After Grescoe traveled the world to research his book, he became a “bottomfeeder” and discovered that eating fish lower on the food chain was better for the health of the oceans and our bodies. Among his favorites are mackerel, herring, and sardines, which are chock-full of brain-nourishing omega-3 fatty acids. When it comes to farmed fish, Grescoe suggests eating lower on the food chain by opting for herbivorous species such as catfish, rather than predators. To find out what Grescoe will and won’t eat, go here. Personally, I adore canned smoked oysters in olive oil and eat embarrassing amounts of them.

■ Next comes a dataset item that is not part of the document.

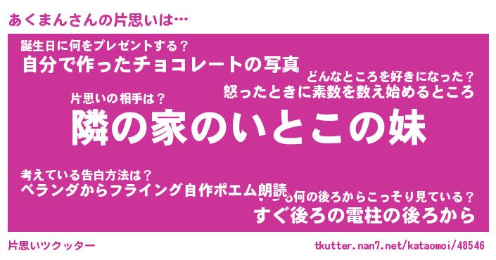 | 意味不明あだ名 | 『ペロリンあくまん』『永久保存あくまん』 |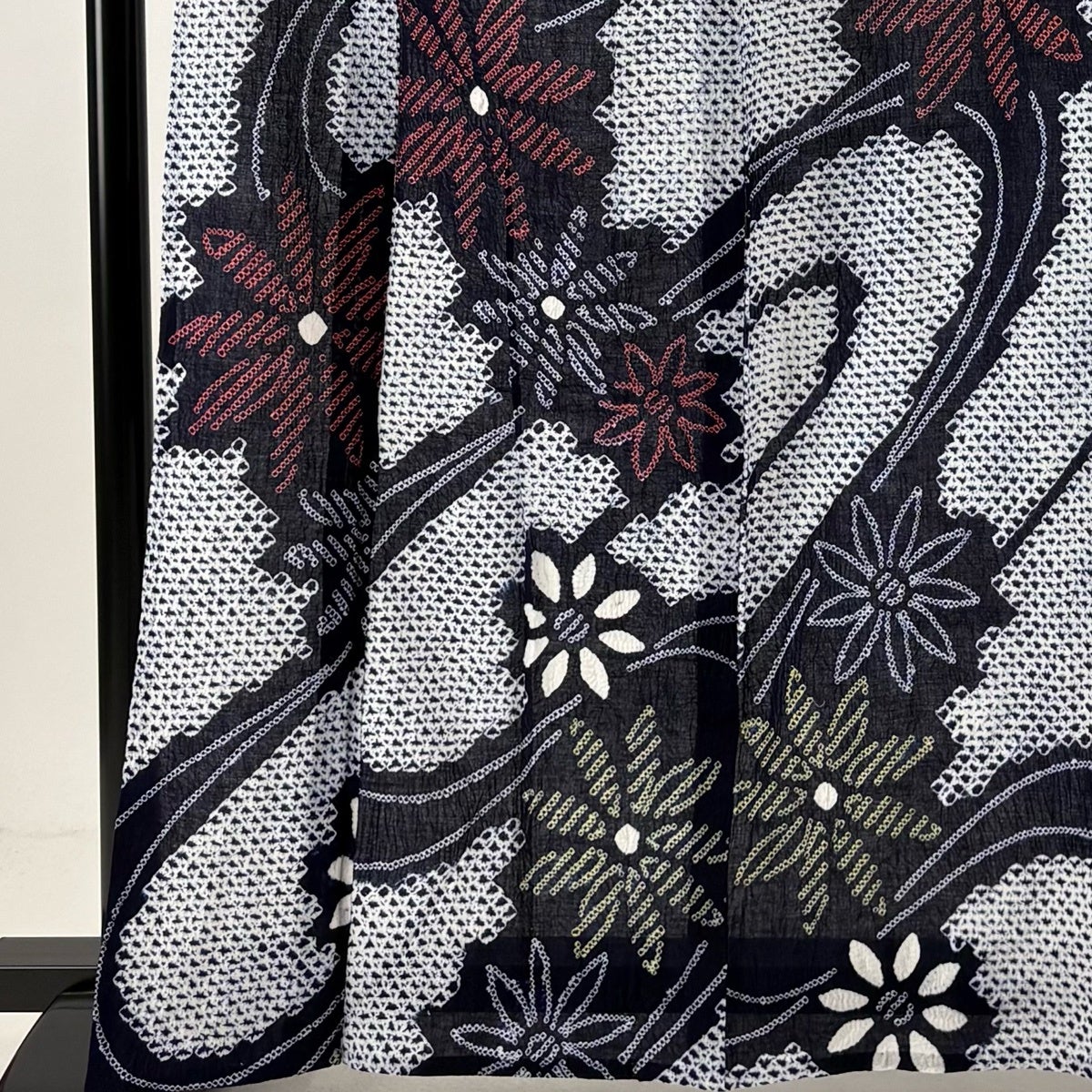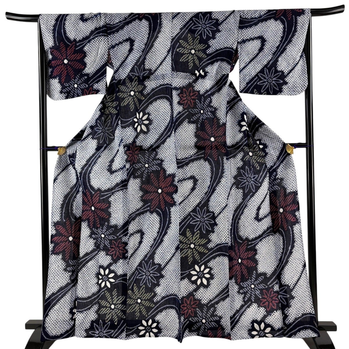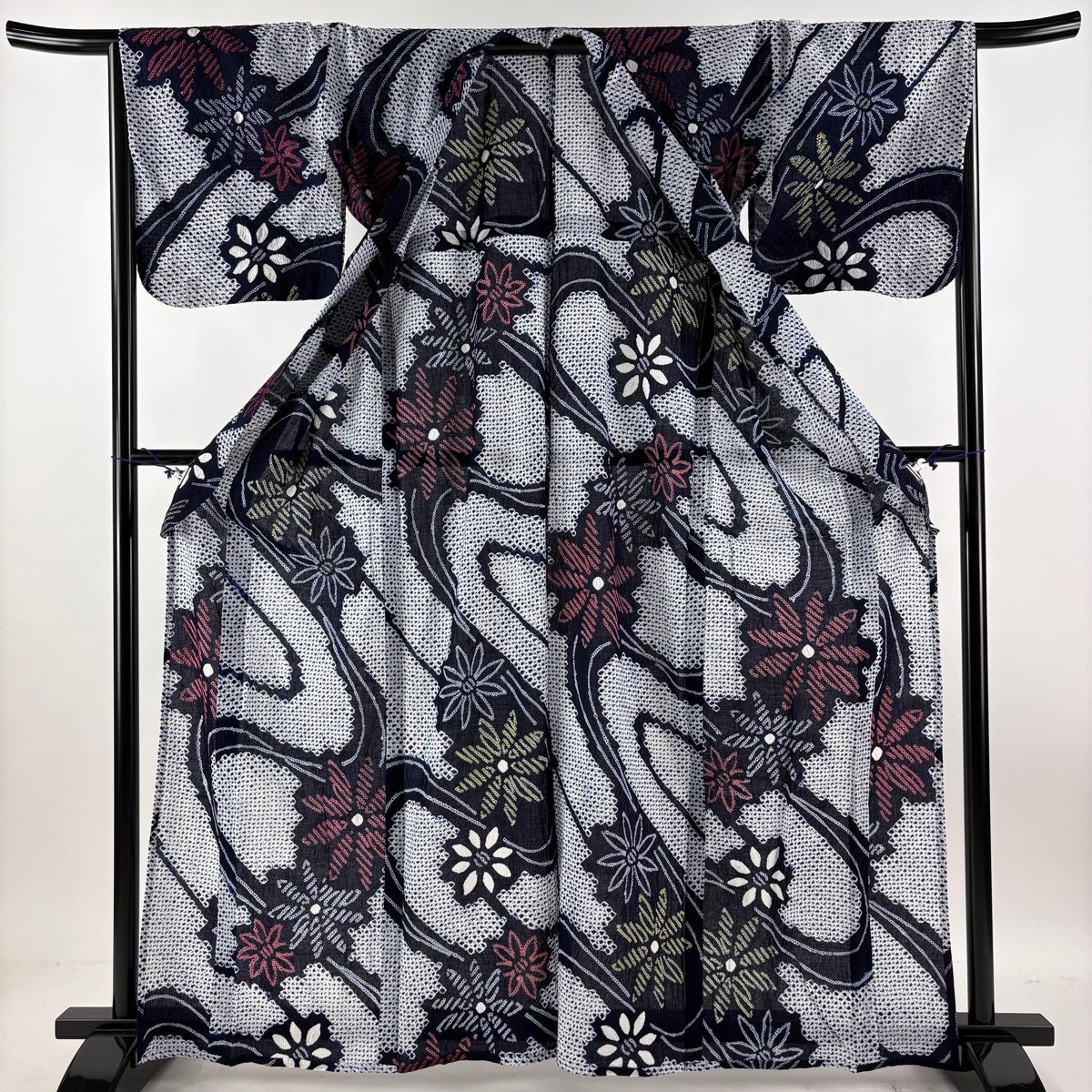 【美品】 浴衣 身丈160.5cm 裄丈67cm M 絞り浴衣 花 紺色 綿 名品

* Have standbys. Before you head out the door to the store, fish market, or restaurant, have a few tried-and-true sustainable favorites. “Pick out a few of your favorite fish that are in great shape and stick with them,” advises Grescoe, who looks for sablefish and arctic char when he eats out. At restaurants, I eat a lot of calamari.
* Be careful with the Big Two. “The two big species of concern are shrimp and salmon,” says Grescoe. “Be careful of those two.” Shrimp and farmed salmon, two predators that are popular seafood choices, have lots of problems that make them unsustainable and unhealthy for you. Choose wild Alaskan salmon and sustainable shrimp. Better yet, give our oceans a break and try a sustainable fish that’s new to you. I recently discovered barramundi and love it.
Phew! Karen, I know this is a lot to digest, but I hope it helps from you casting about when it comes to choosing sustainable fish. Thank you for sending this terrific question. If you can’t sleep, try warm milk, Sudoku, or send me an email. I’ll be up, checking my sump pump and reading the Wiki on fatty acids.